"John_Dos_Passos_-_One_Mans_Initiation_1917" - читать интересную книгу автора (Dos Passos John)

The little man stood up in the car, looking about him anxiously.

"I've lost my knife. Where's my knife?"

The guards got in behind him with a nervous, sheepish air. They answered reassuringly, "The driver's got it. The American's got it."

"Good."

The orderly jumped on the seat with the two Americans to show the way. He whispered in Martin's ear:

"He's crazy. He says that to stop the war you must kill everybody, kill everybody."



In an open valley that sloped between hills covered with beech-woods, stood the tall abbey, a Gothic nave and apse with beautifully traced windows, with the ruin of a very ancient chapel on one side, and crossing the back, a well-proportioned Renaissance building that had been a dormitory. The first time that Martin saw the abbey, it towered in ghostly perfection above a low veil of mist that made the valley seem a lake in the shining moonlight. The lines were perfectly quiet, and when he stopped the motor of his ambulance, he could hear the wind rustling among the beech-woods. Except for the dirty smell of huddled soldiers that came now and then in drifts along with the cool woodscents, there might have been no war at all. In the soft moonlight the great traceried windows and the buttresses and the high-pitched roof seemed as gorgeously untroubled by decay as if the carvings on the cusps and arches had just come from under the careful chisels of the Gothic workmen.

"And you say we ye progressed," he whispered to Tom Randolph.

"God, it is fine."

They wandered up and down the road a long time, silently, looking at the tall apse of the abbey, breathing the cool night air, moist with mist, in which now and then was the huddled, troubling smell of soldiers.
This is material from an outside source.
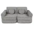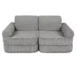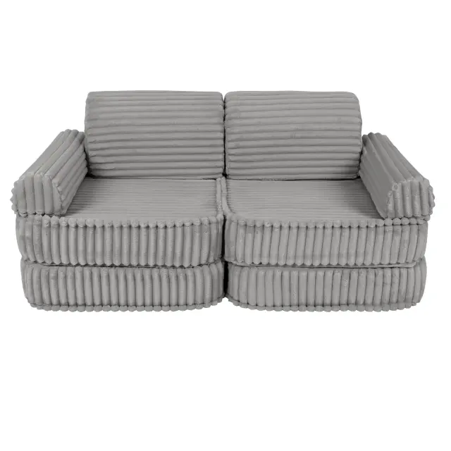 • Vsestranska modularna zasnova: Kavč je sestavljen iz 12 elementov, ki jih je mogoče razporediti na različne načine, vključno z obliko popolne postelje. Idealna rešitev za otroško sobo, igralni kotiček, bralni prostor ali popoldanski počitek.
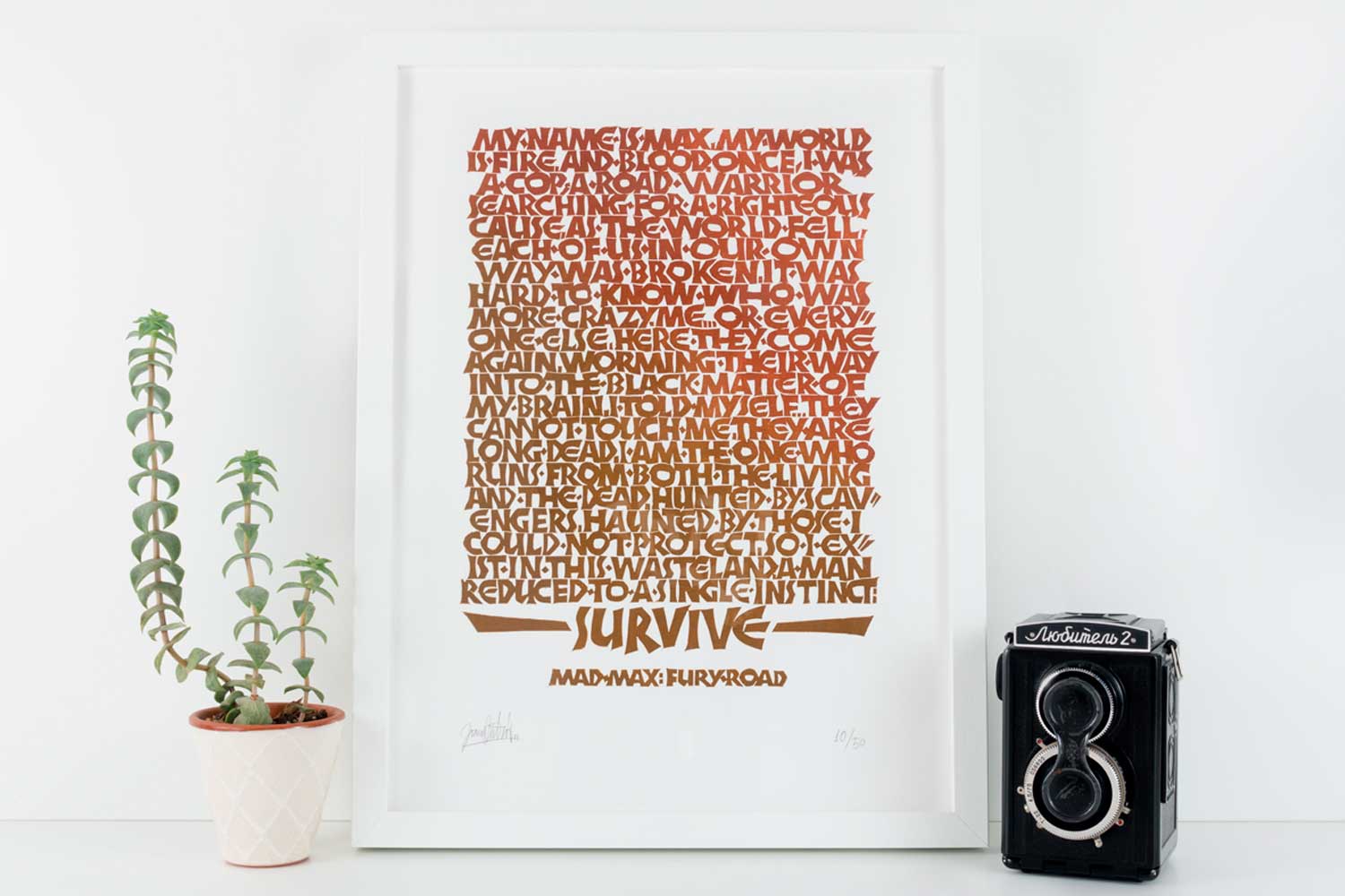 Os traemos una delicia del gran calígrafo Joan Quirós. Se trata de una edición limitada y numerada de 50 ejemplares impresos manualmente y realizados con la técnica de grabado en linóleo. Un trabajo de caligrafía impecable inspirado en Mad Max. ¡Corre que se acaban!

At last the moon, huge and swollen with gold, set behind the wooded hills, and they went back to the car, where they rolled up in their blankets and went to sleep.

Behind the square lantern that rose over the crossing, there was a trap door in the broken tile roof, from which you could climb to the observation post in the lantern. Here, half on the roof and half on the platform behind the trap door, Martin would spend the long summer afternoons when there was no call for the ambulance, looking at the Gothic windows of the lantern and the blue sky beyond, where huge soft clouds passed slowly over, darkening the green of the woods and of the weed-grown fields of the valley with their moving shadows.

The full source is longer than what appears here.